In the moving drama The Outrun, Rona (Saiorse Ronan) has escaped a difficult childhood in the harsh isolation of the Orkney Islands to achieve a Master’s in biology and a laboratory job in London. Like many of her twenty-something peers, she likes to party, and she’s also self-medicating from painful childhood issues, and the alcohol is controlling her. The drunken Rona thinks she’s having fun, but her friends and the audience cringe. She’s a falling-down, blackout drunk, and she loses her job, her romantic partner and her personal safety.
Rona recognizes that she must leave London for any chance at successful recovery, and returns to her parents’ sheep farm in the Orkneys. Her parents, while loving, aren’t able to provide an optimal recovery environment.

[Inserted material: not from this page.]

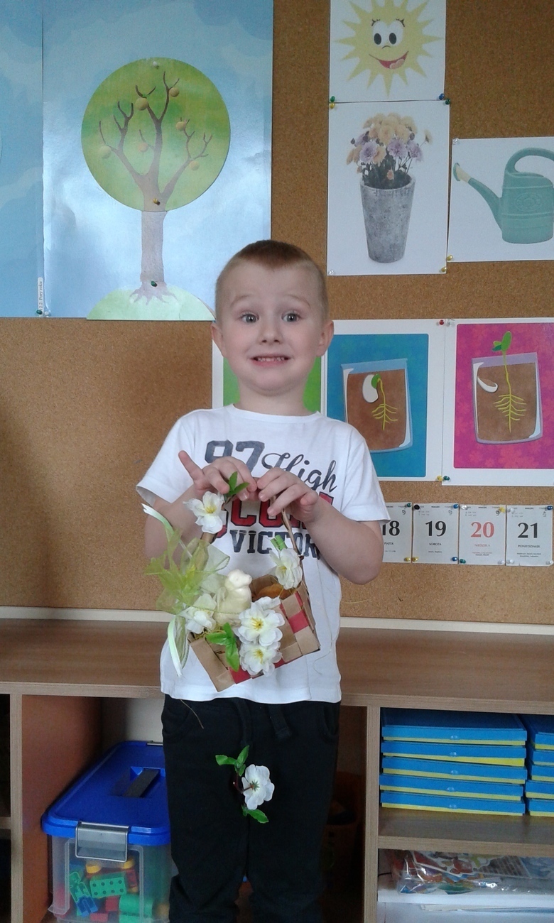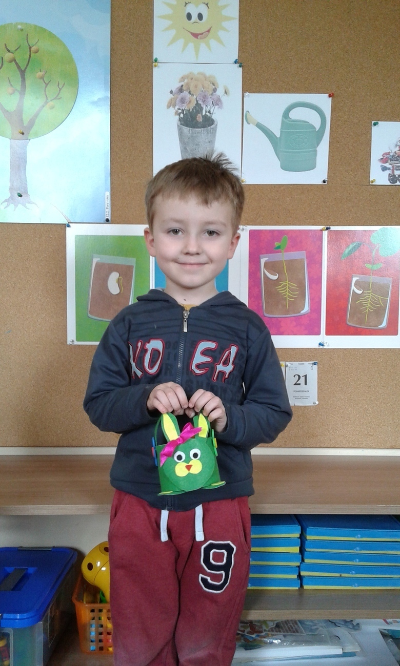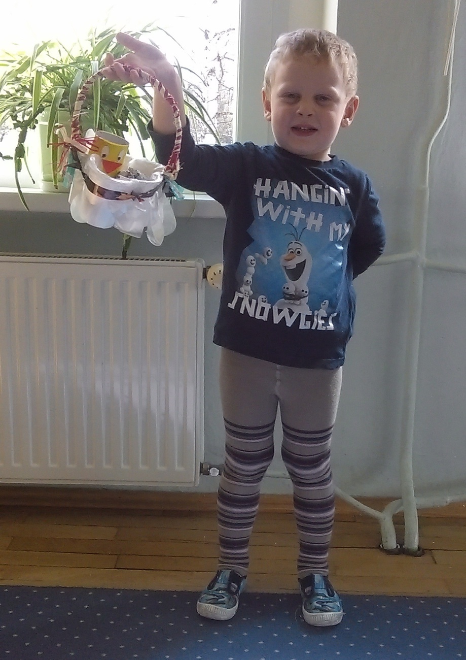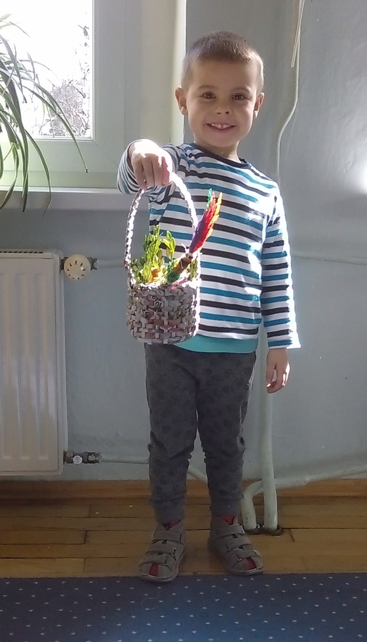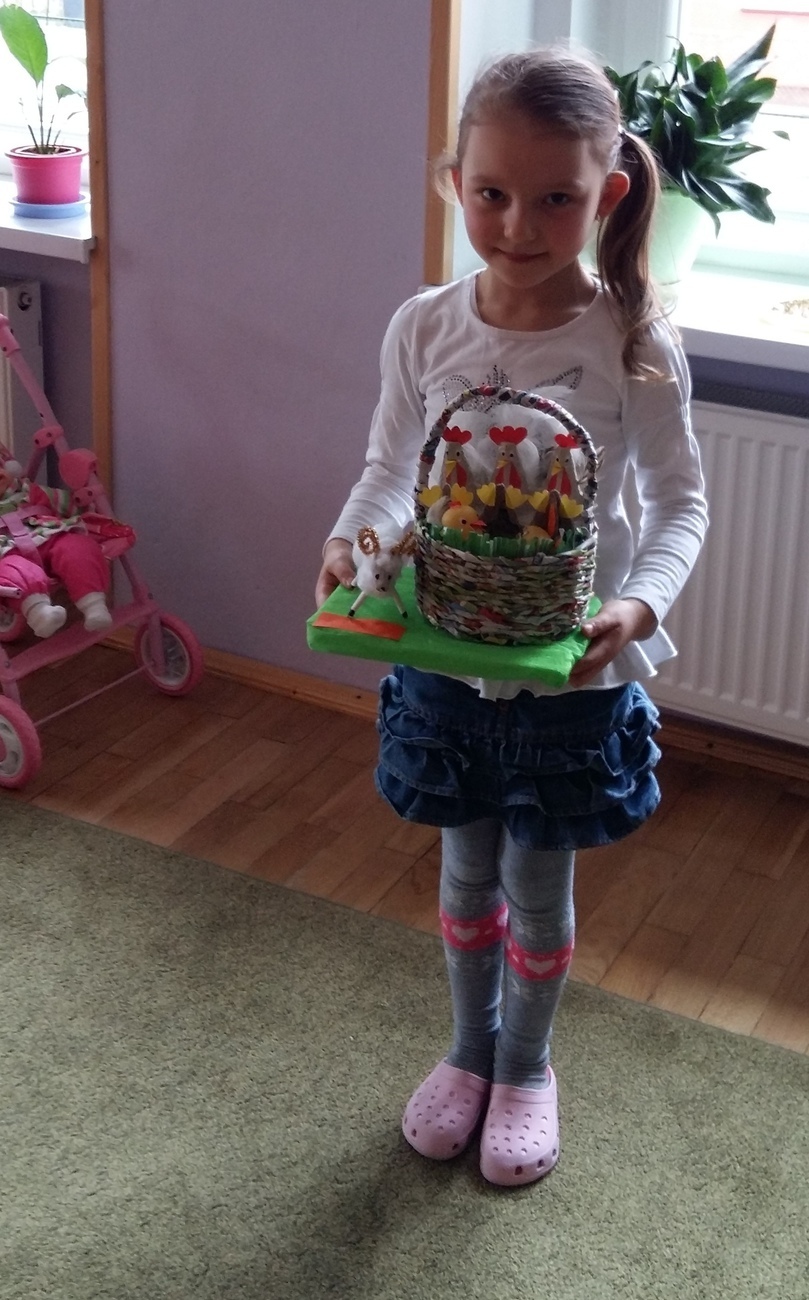 Dnia 22.03.2016r. zakończył się kolejny przedszkolny już V, Konkurs Wielkanocny pt. „Recyklingowy koszyczek wielkanocny". Dzieci w raz z rodzicami tak jak co roku prześcigają się w wymyślaniu najwspanialszych ozdób świątecznych. Ten rok obfitował w przeróżne pomysły powtórnego wykorzystania przedmiotów, które mogliśmy znaleźć w domu. Tak więc mogliśmy zobaczyć koszyczki wykonane z kolorowych gazet, plastikowych kubeczków oraz butelek po wodzie mineralnej. Niekonwencjonalnymi pomysłami było również wykonanie koszyczka z abażuru po starej lampie, tudzież styropianu potrzebnego do bezpiecznego transportu komputera. Dzieci wykazały się ogromną wyobraźnią tworząc pisanki, które wyczarowywane były z różnych produktów m.in. jajek niespodzianek oraz wielkanocnego baranka i zająca z rolek po papierze toaletowym. Wszystkie Tuptusie długo opowiadały historie powstawania wszystkich koszyczków i daję słowo każdy był oszałamiająco piękny. Wszyscy z niecierpliwością nie możemy się już doczekać następnego konkursu.

Her father (Stephen Dillane) suffered a bipolar breakdown when Rona was a little girl, and now lives in a trailer on the farm, often incapacitated by depression or mania. Her mother (Saskia Reeves ), who lives in the farm’s cottage, responded by plunging into religion and sees everything through that lens. On Orkney, Rona has support from others in recovery and is safe from the temptations of nightclubs (there aren’t any), but she’s reminded of the childhood pain that she was self-medicating for. She moves to an even more isolated island in the Orkneys and faces herself.
This is a clear-eyed, unsparing look at alcoholism and recovery, of which relapse is a common element.
Reeves and Dillane are excellent, and Ronan will certainly be Oscar-nominated for an ever authentic and stunningly vivid performance.
The Outrun was directed by Nora Fingscheidt and adapted from the memoir by Amy Liptrot. The entire movie is good, but the final 20 seconds are perfect.
The dramatic weather of the Orkneys, raging from bleak to impressively violent, is another character in The Outrun; as turbulent as is Rona’s life, the weather rages even more.
Thanks to Saiorse Ronan, The Outrun is raw, moving and satisfying.